I revisited the memories of campus days after watching the unfolding debacle that has erupted within the opposition Unified Progressive Party. The mainstream faction of the party, the Gyeonggi Dongbu alliance, which descended from a pro-North Korea student activist group, is under attack from every side. They are the last descendants of the 1987 democracy crusaders. They have been trained to take and obey orders from unseen leadership even when they secretly know the command to be wrong.

The people are frustrated and annoyed by them because of a scandal over a rigged primary in March and they are suspicious of their affinity toward North Korea’s ideology and its regime. During the March primary to select proportional representatives, followers of the mainstream faction stole ballot boxes and used pseudonyms and proxies to increase votes for their candidates. Some members testified they were pressured to cast votes for a certain candidate. The election irregularities they committed would surprise even the country’s first President Syngman Rhee, who bent rules to get reelected for multiple terms. The party members were virtually robbed of their voting rights.

But there is no way to stop the unethically elected figures from becoming lawmakers. The election of proportional representatives is a party procedure and therefore remains untouched by the election law. The list of names the party recognizes for proportional representative seats cannot be replaced once it is submitted to the central election committee. Even if those individuals leave the party, they retain their legislative seats. The National Assembly can review their status to kick them out the legislature, but their wrongdoing does not fit into the review category. The law provides exclusivity to party procedures to respect voters’ opinion more than the judgment of the executive, judicial and legislative branches.

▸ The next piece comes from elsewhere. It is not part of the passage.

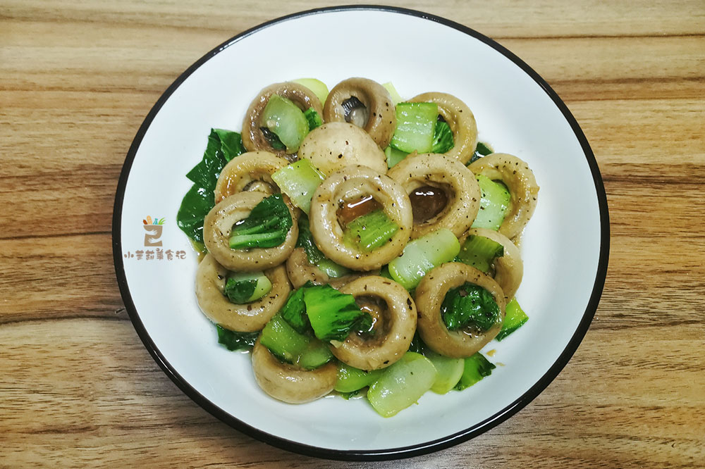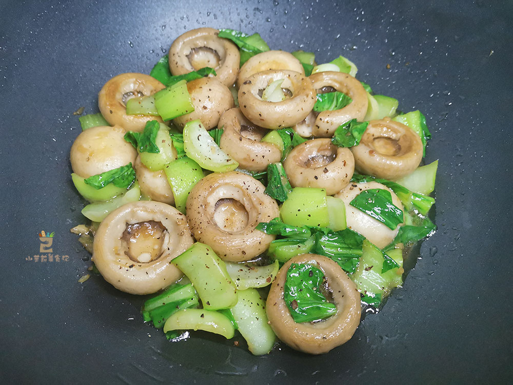 4、接著再加點蒜粒進去,青菜放里邊,與口蘑一起炒,很快就塌生了,補點鹽,咸淡調整適宜,再加點黑胡椒,這是非常增香提味的一步。然后就可以出鍋了,味道非常鮮美。
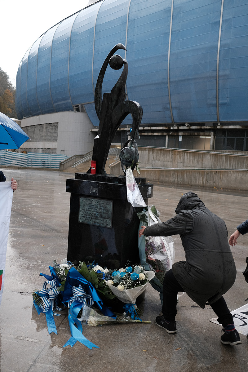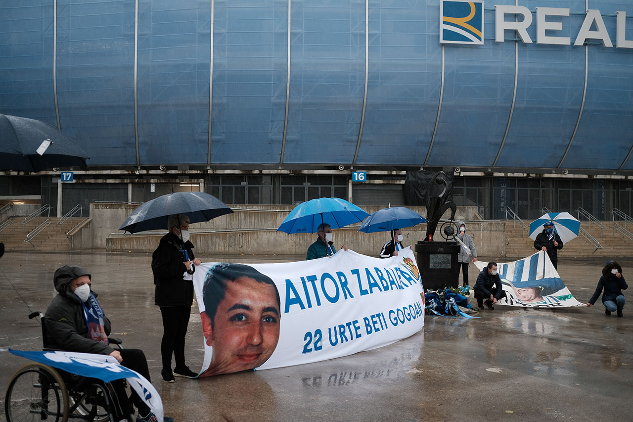 Han pasado 22 años desde su asesinato pero Aitor Zabaleta no se olvida. Realaren Lagun Taldeak ha vuelto a rendirle un homenaje este mediodía en el monolito en su memoria junto al estadio.

This loophole has been exposed by the UPP’s shenanigans. It should be closed. Political parties hold numerous elections to select posts. There must be a legal basis to prevent and punish irregularities.

The prosecution has launched an investigation into the fraud. If any of the elected legislators are found culpable of vote rigging and charged, they can lose their legislative seats. But the accused could claim they were being unfairly charged and victimized by the system. The prosecution interfered due to mounting public criticism, but should have, nevertheless, waited longer for the party to solve the problem first.

Secondly, the UPP’s main faction has lost favor with the public due to its suspicious affiliation with North Korea. Most leading members of the faction have in their younger days acted for North Korea. They still avoid directly answering questions about their ideology and North Korea.

Lawmakers serve to build houses for the people. They cannot ignore demands by the house owner on interior design claiming they have their own aesthetic ideas. It is as if the signed agreement gives them authority to do whatever they want with the house.

Unlike the obvious election misdeeds, their standing on North Korea has not been clarified. They cannot be charged with anything for their past activities. The Constitutional Court can disband the group once it finds the party undermining the fundamental order of democracy in its goal and activities. But the group has not done anything that violates the law.

At the end of the day, voters have the key. The public has learned that not all liberals are genuinely liberals. We should not be hasty in our action so as to send the liberals back underground. We could end up losing more than gaining.

*The author is chief editorial writer of the JoongAng Ilbo.